In this tutorial, we will see how to perform a rank-based inverse normal transformation in R before a genome-wide association study (GWAS) or an expression quantitative trait loci (eQTL) analysis.
Indeed, it is recommanded by some people to rank normal transform the phenotypes (to make them follow a normal distribution) before the linear regression to avoid false positive associations.
Here is a subset of my gene expression dataset before the transformation:
columns = read.table("input.bed", comment.char = "", nrows = 1)

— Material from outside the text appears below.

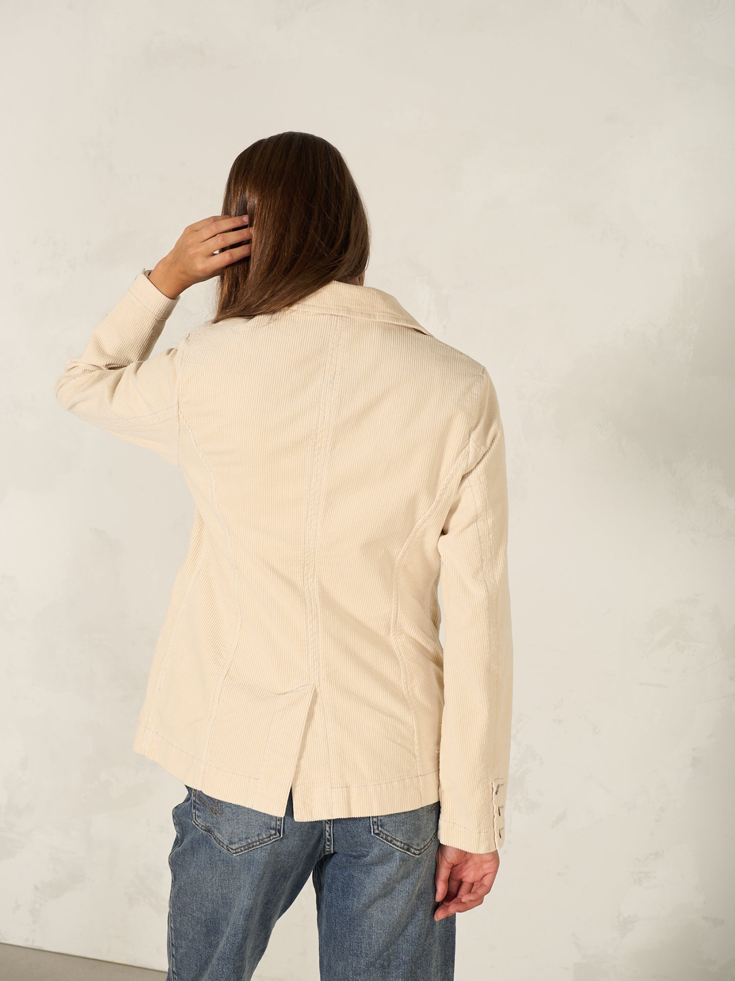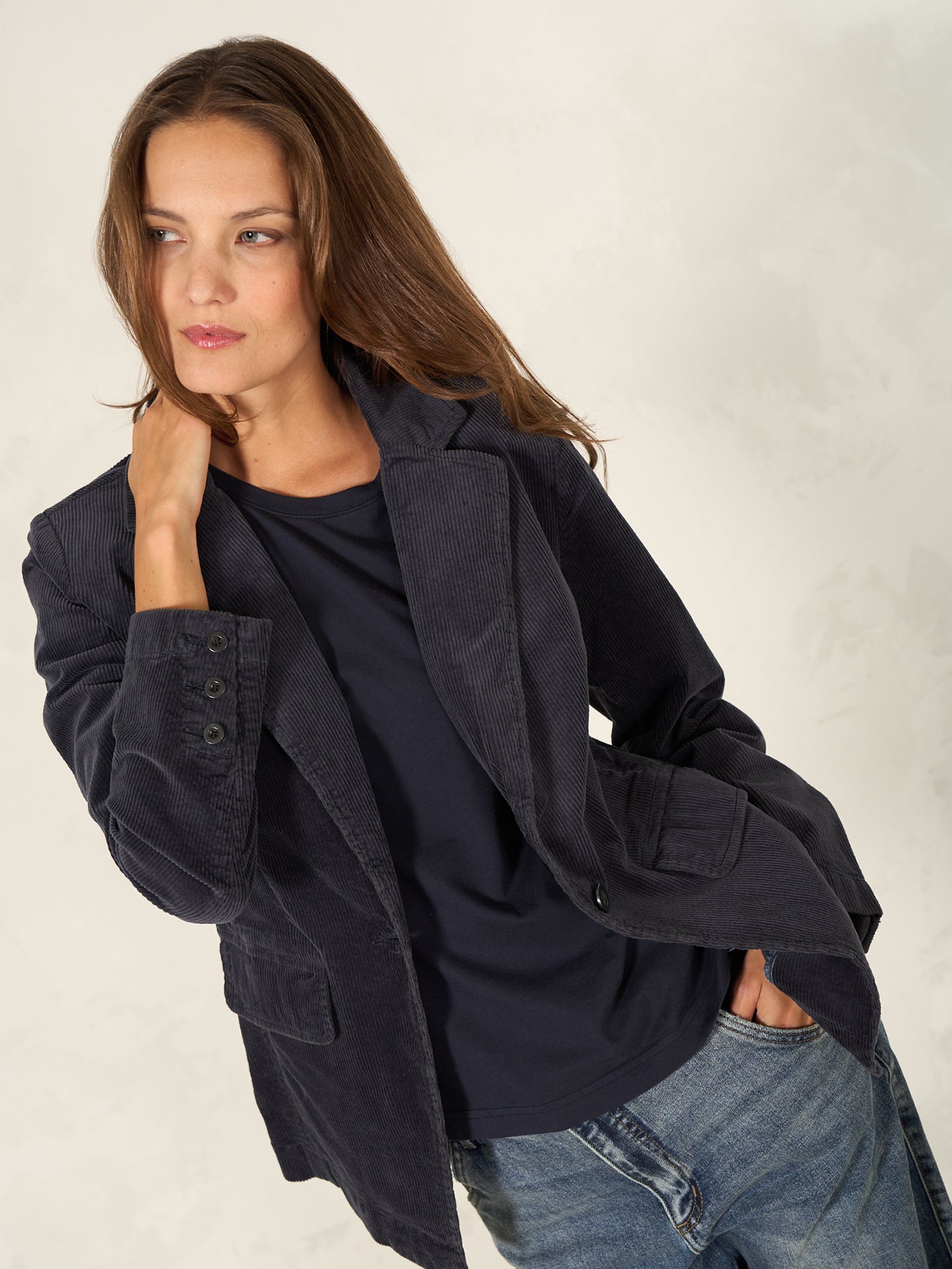 Loose-fitting, super comfortable blazer with a lapel collar and piped pockets in velvety ribbed cord with a soft feel.
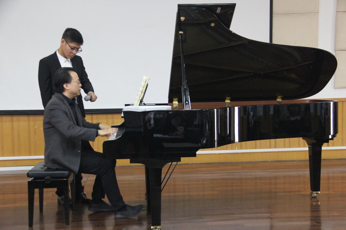 学生徐梦婷弹奏的张帅《三首前奏曲》和袁新凯弹奏的《革命练习曲》。在学生弹奏出现问题时,唐教授会悉心指导,方式生动有趣,也会身体力行亲自示范。不由让我们在尊敬唐教授的同时又觉得亲切。

input = read.table("input.bed", header = TRUE, stringsAsFactors = FALSE,
check.names = FALSE, comment.char = "",
colClasses = c(rep("NULL", 3), "character", rep("NULL", 2),
rep("numeric", ncol(columns) - 6)))
View(input)
Rank normal transformation in QTLtools
QTLtools can rank normal transform the gene quantifications with the –normal parameter:
QTLtools correct --bed input.bed --normal --out output.bed
We can look at the result in R:
columns = read.table("output.bed", comment.char = "", nrows = 1)
output = read.table("output.bed", header = TRUE, stringsAsFactors = FALSE,
check.names = FALSE, comment.char = "",
colClasses = c(rep("NULL", 3), "character", rep("NULL", 2),
rep("numeric", ncol(columns) - 6)))
View(output)
Rank normal transformation in R
Method 1
First, we will reimplement this function from its source code in R:
normal_transform = function(x){
R = rank(x, na.last = "keep")
R = R - 0.5
maximum = max(R) + 0.5
R = R / maximum
V = qnorm(R)
}
test1 = input
test1[, -1] = t(apply(test1[, -1], 1, normal_transform))
View(test1)
Method 2
Then, we will apply the answer provided to this question to the dataset and compare the results:
test2 = input
test2[, -1] = t(apply(test2[, -1], 1, function(x){qnorm((rank(x, na.last = "keep") - 0.5) / sum(!is.na(x)))}))
The two datasets are equal:
all(test1 == test2)
[1] TRUE
Conclusion
In conclusion, we reimplemented the rank-based inverse normal transformation in R and applied it to each gene. Is this blog post helpful to you?